Since production began, the Bossier Formation has already produced 3.8 trillion cubic feet of gas—nearly six weeks of U.S. consumption at the record 2025 level. The formation is tapped from depths up to 18,000 feet, making it one of the deepest active production plays on the Gulf Coast.
What It Means for the Pensacola Area
The conventional zone covering Northwest Florida offshore waters is geologically distinct from the massive onshore shale plays. Here, the resource model involves gas and oil from Jurassic source rocks migrating upward into sandstone and carbonate reservoirs, trapped by faults, salt tectonics, and stratigraphic changes. It is a smaller but separately confirmed play.
- USGS notes the conventional zone faces a key limiting factor: the general lack of sealing lithologies—the rock layers that hold hydrocarbons in place—may constrain total recoverable volumes. Still, the agency assessed a probability of 1.0 for the AU, meaning geologists consider it a certainty that resources exist; the question is scale and whether industry pursues development.
• Mean estimated gas: 648 billion cubic feet (F95–F5 range: 244–1,284 BCF)
• Mean estimated oil: 3 million barrels (F95–F5 range: 1–8 MMBO)
• AU probability: 1.0 (resources confirmed to exist)

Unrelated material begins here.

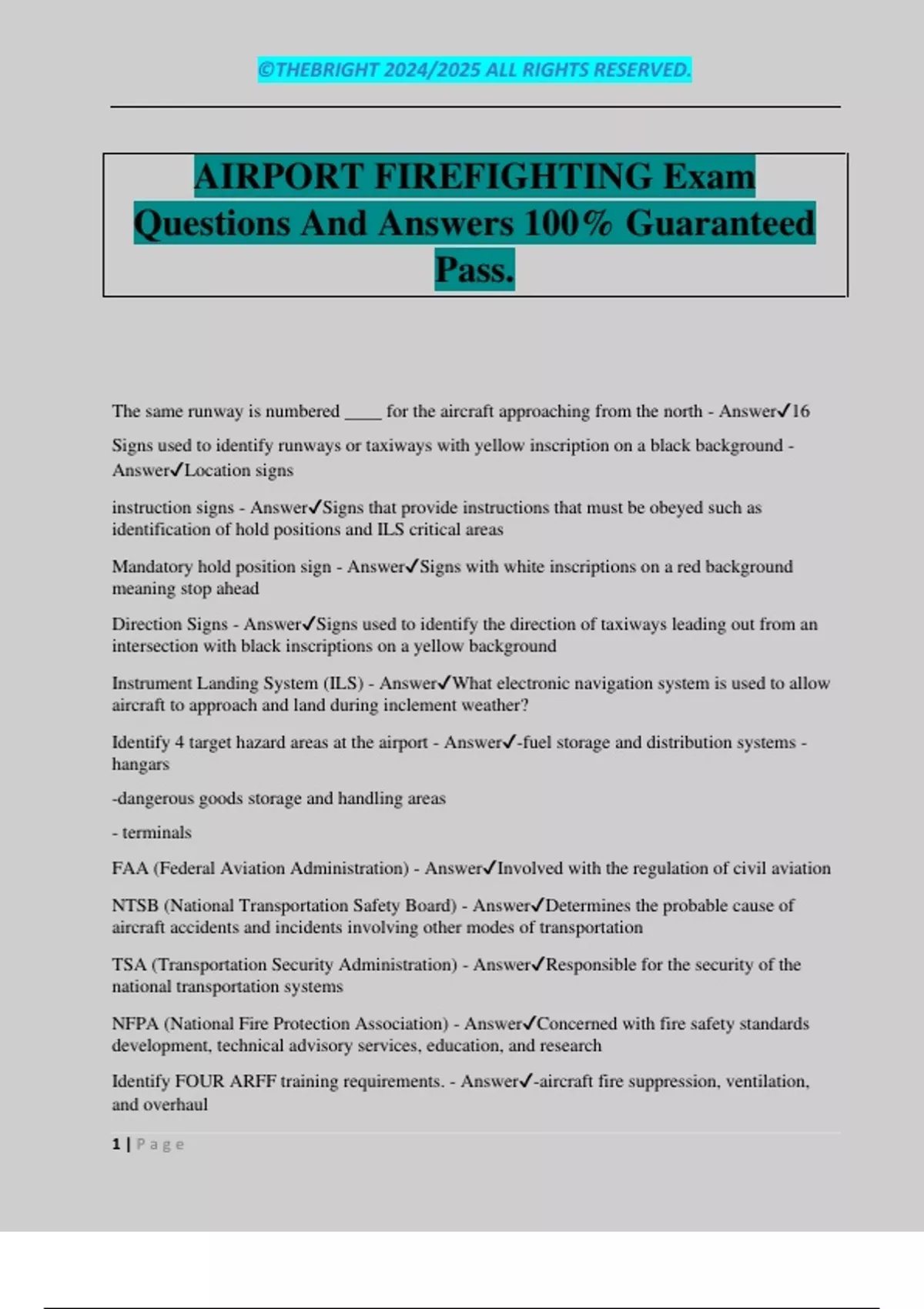 AIRPORT FIREFIGHTING Exam

• Geographic scope: Offshore Gulf waters, Mississippi through Escambia, Santa Rosa, and Okaloosa counties, Florida
Whether offshore development materializes depends on federal permitting, energy prices, and industry investment decisions. But the USGS assessment puts the Panhandle coast formally on the map as an undiscovered resource province—a designation that carries weight with exploration planners and federal land managers alike.
The full fact sheet on the Bossier Formation assessment is available at the USGS Energy Resources Program website.